Enzymes are often described as following the two-step mechanism: $$ \begin{array}{c}{\mathrm{E}+\mathrm{S} \rightleftharpoons \mathrm{ES} \text { (fast) }} \\ {\mathrm{ES} \longrightarrow \mathrm{E}+\mathrm{P} \quad(\text { slow })}\end{array}$$ where \(\mathrm{E}=\) enzyme, \(\mathrm{S}=\) substrate,\(\mathrm{ES}=\) enzyme-substrate complex, and \(\mathrm{P}=\) product.(a) If an enzyme follows this mechanism, what rate law is expected for the reaction? (b) Molecules that can bind to the active site of an enzyme but are not converted into product are called enzyme inhibitors.
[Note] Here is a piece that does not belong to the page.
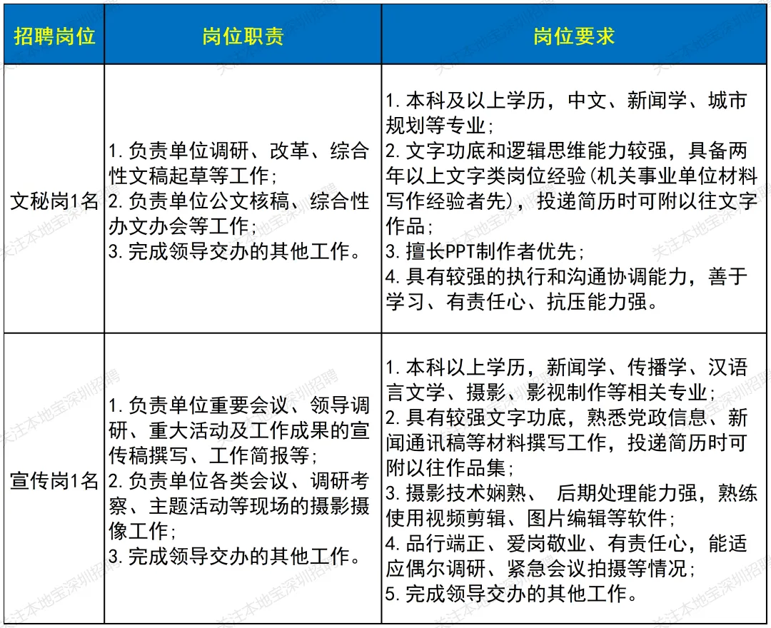 ⭐推荐服务:点击下方卡片,关注【本地宝深圳招聘】公众号或者在【本地宝APP】,回复【政府】,即可持续获取深圳政府部门招聘最新公告、报名入口、岗位查询、报名材料下载

Write an additional elementary step to add into the preceding mechanism to account for the reaction of E with I, an inhibitor.

The given two-step mechanism of the enzyme-catalyzed reaction is: \[ \begin{array}{c} \text{E + S} \rightleftharpoons \text{ES} \quad (\text{fast}) \\ \text{ES} \longrightarrow \text{E + P} \quad (\text{slow}) \end{array} \]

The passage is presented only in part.